Self- and interface-acting mechanisms of nucleotide action predict different effects of GDP-tubulin on plus- and minus-end growth

The self- and interface-acting mechanisms for how nucleotide dictates the strength of tubulin:tubulin interactions are illustrated in Figure 1A: the self-acting mechanism posits that the nucleotide bound to β-tubulin (GTP or GDP) controls how tightly that tubulin interacts with the lattice, whereas the interface-acting mechanism posits that the nucleotide at the interface between tubulin dimers controls how tightly they interact. At the plus-end, the two mechanisms can lead to different outcomes because there are two nucleotides involved – one bound to the terminal tubulin and one at the interface below (Figure 1A, top panels).
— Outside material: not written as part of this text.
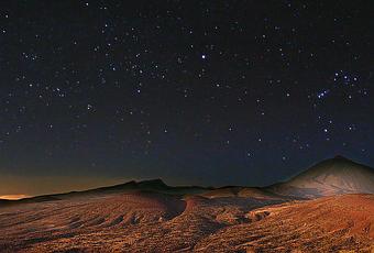 La constelación de Orión se pone hacia el oeste detrás del volcán del Teide, en Tenerife, visto desde el Observatorio de Izaña, el 19 de diciembre de 2011. Esta imagen es una combinación rápida que espero mejorar luego, donde considero por un lado una toma de las estrellas (30 segundos a 800 ISO y F5.6) y por otro una toma durante el amanecer, donde el Sol da directamente sobre el Teide y las Cañadas del Teide. Se tratan de dos tomas de la secuencia de imágenes que conseguí esa noche, mientras observaba galaxias Wolf-Rayet en el infrarrojo cercano usando el Telescopio Carlos Sánchez, para luego hacer una película timelapse del movimiento del cielo desde aquí. La imagen de las estrellas está algo desenfocada para hacer destacar el color de las estrellas. Crédito de la imagen: Á.R. L-S.

At the minus-end, however, the two mechanisms are indistinguishable because there is only one nucleotide involved: the nucleotide bound to the terminal subunit is also the nucleotide at the interface with the lattice (Figure 1A, bottom panels). Using kinetic simulations of microtubule elongation, we sought to identify a testable difference between the self- and interface-acting mechanisms. We first expanded our model (Ayaz et al., 2014; Cleary et al., 2022b; Kim and Rice, 2019; Piedra et al., 2016) to simulate both plus- and minus-end elongation and to include multiple nucleotide states for unpolymerized tubulin (summarized in Figure 1—figure supplement 1). We then used the model to predict how GDP-tubulin might affect plus- and minus-end elongation with either the self- or interface-acting mechanisms of nucleotide action.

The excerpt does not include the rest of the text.